The outcome of any current or future litigation or governmental or internal investigations, including the matters described above, cannot be accurately predicted, nor can we predict any resulting penalties, fines or other sanctions that may be imposed at the discretion of federal or state regulatory authorities. We record accruals for such contingencies to the extent that we conclude it is probable that a liability has been incurred and the amount of the loss can be reasonably estimated. No estimate of the possible loss or range of loss in excess of amounts accrued, if any, can be made at this time regarding the matters specifically described above because the inherently unpredictable nature of legal proceedings may be exacerbated by various factors, including, but not limited to: (i) the damages sought in the proceedings are unsubstantiated or indeterminate; (ii) discovery is not complete; (iii) the proceeding is in its early stages; (iv) the matters present legal uncertainties; (v) there are significant facts in dispute; (vi) there are a large number of parties, or; (vii) there is a wide range of potential outcomes. It is possible that the outcome of these matters could have a material adverse impact on our future results of operations, financial position, cash flows and, potentially, our reputation.
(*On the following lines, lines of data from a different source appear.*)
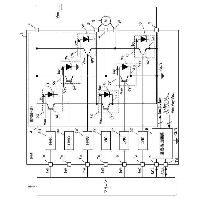 本実施形態のパワーモジュール1は、マイコン2からの指示に基づいて、負荷である3相モータ8を駆動する半導体モジュール、すなわち、IPMである。パワーモジュール1は、HVIC3U,3V,3W、LVIC3X,3Y,3Z、駆動回路4、温度検出回路9、及び端子Tu,Tv,Tw,Tx,Ty,Tz,Tc,Td,P,N,U,V,Wを含んで構成される。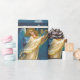 peinture vintage d'un ange avec l'expression angélique, la belle robe débordante et l'harpe d'or dans les bleus et le beige.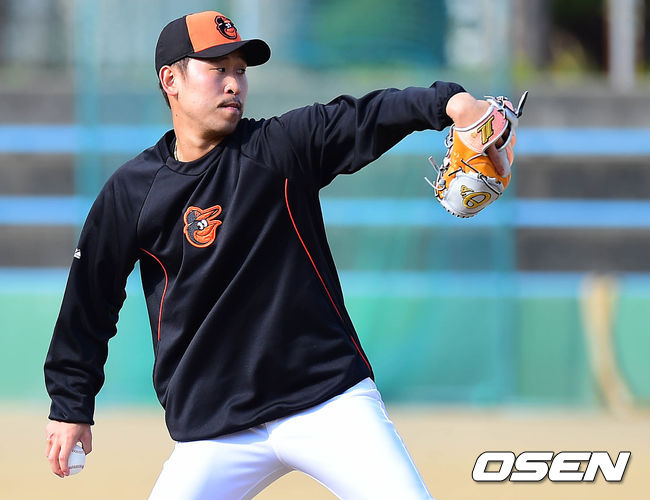 KIA 마무리캠프에 합류한 미국 메이저리그 볼티모어 윤석민이 캐치볼로 몸을 풀고 있다.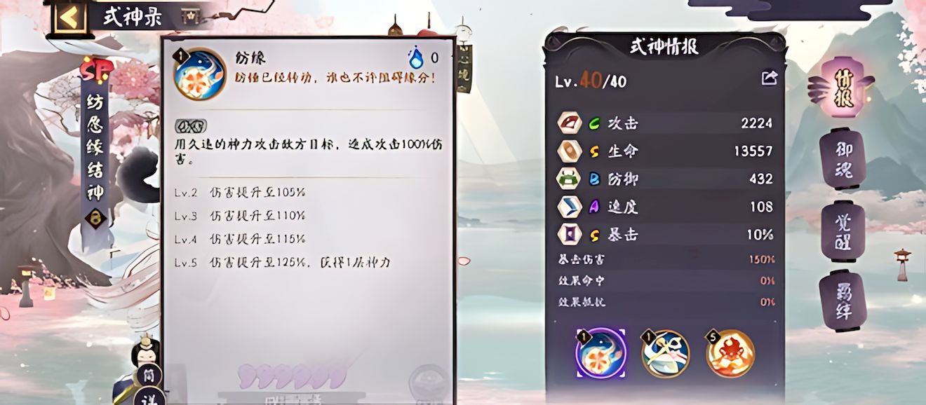 2、二技能可给队友缔结两种缘分,同时让自身免疫行动条改变,未指定友方结缘时,自身能直接获得两层神力助力快速叠层。
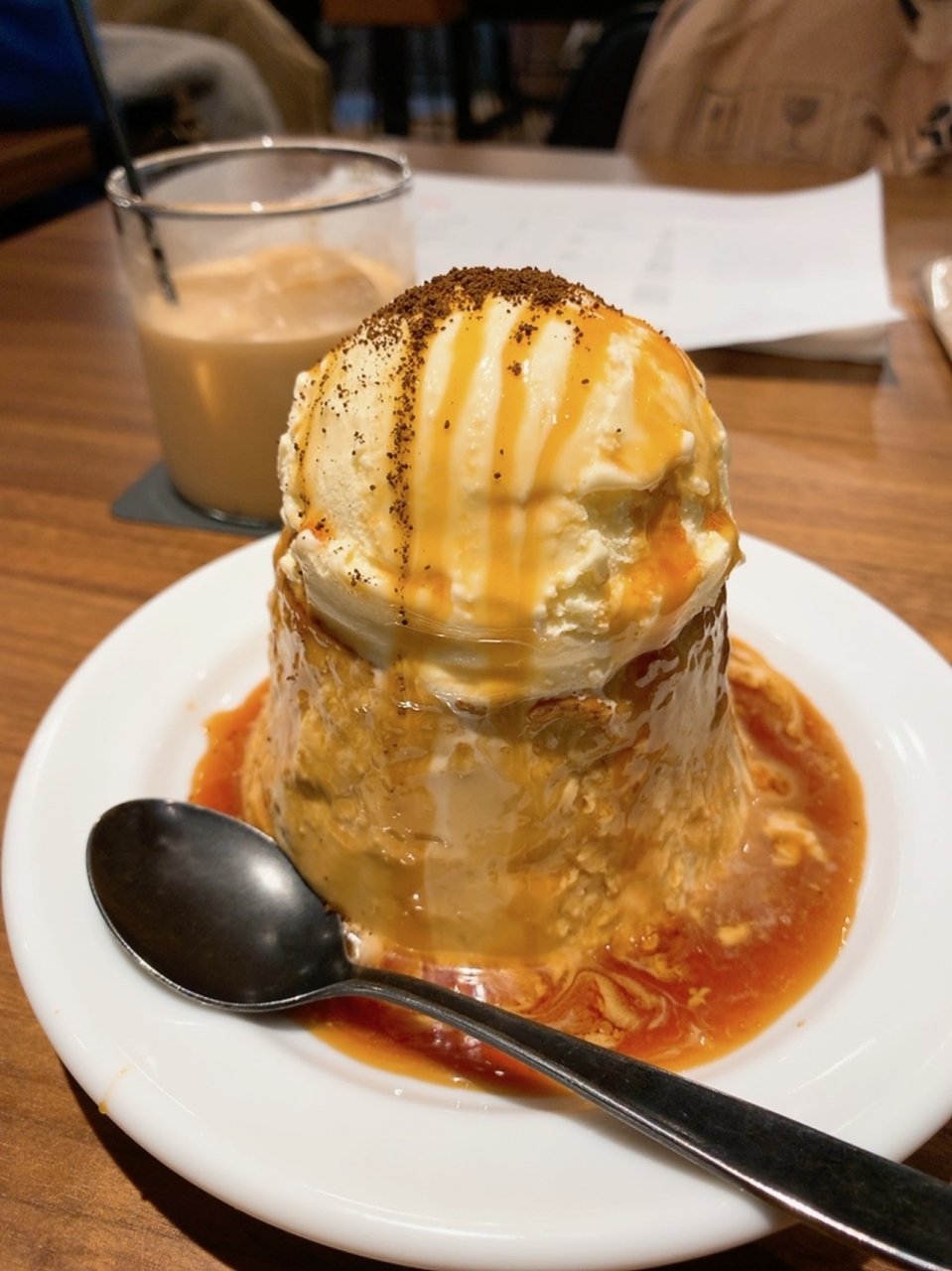 こちらのカフェは、1 food 1 drinkオーダー制でした。 プリンでも1 foodとしてカウントされたので、美味しく頂きました。 もう見た目から、こんなん絶対に美味しい!!って食べなくても分かる!プディングでした。

In addition, various suits and claims arising against us in the ordinary course of business are pending. In the opinion of management, the outcome of such claims and litigation will not materially affect our consolidated financial position or results of operations.

In addition to our long-term debt obligations as discussed in Note 4 - Long-Term Debt and our operating lease obligations as discussed in Note 7 - Lease Commitments, we have various other contractual commitments outstanding as of December 31, 2016 as follows: (i) other combined estimated future purchase obligations of $350 million related to a long-term contract with third-parties consisting primarily of certain revenue cycle data processing services for our acute care facilities ($101 million), expected future costs to be paid to a third-party vendor in connection with the ongoing operation of an electronic health records application and purchase implementation of a revenue cycle application for our acute care facilities ($247 million) and estimated minimum liabilities for physician commitments expected to be paid in the future ($2 million); (ii) estimated construction commitment of $43 million representing our share of the construction costs of two new behavioral health care facilities located in Pennsylvania and Washington that we are required to build pursuant to joint-venture agreements with third-parties; (iii) combined estimated future payments of $213 million related to our non-contributory, defined benefit pension plan ($194 million consisting of estimated payments through 2089) and other retirement plan liabilities ($19 million), and; (iv) accrued and unpaid estimated claims expense incurred in connection with our commercial health insurers and self-insured employee benefit plans ($90 million).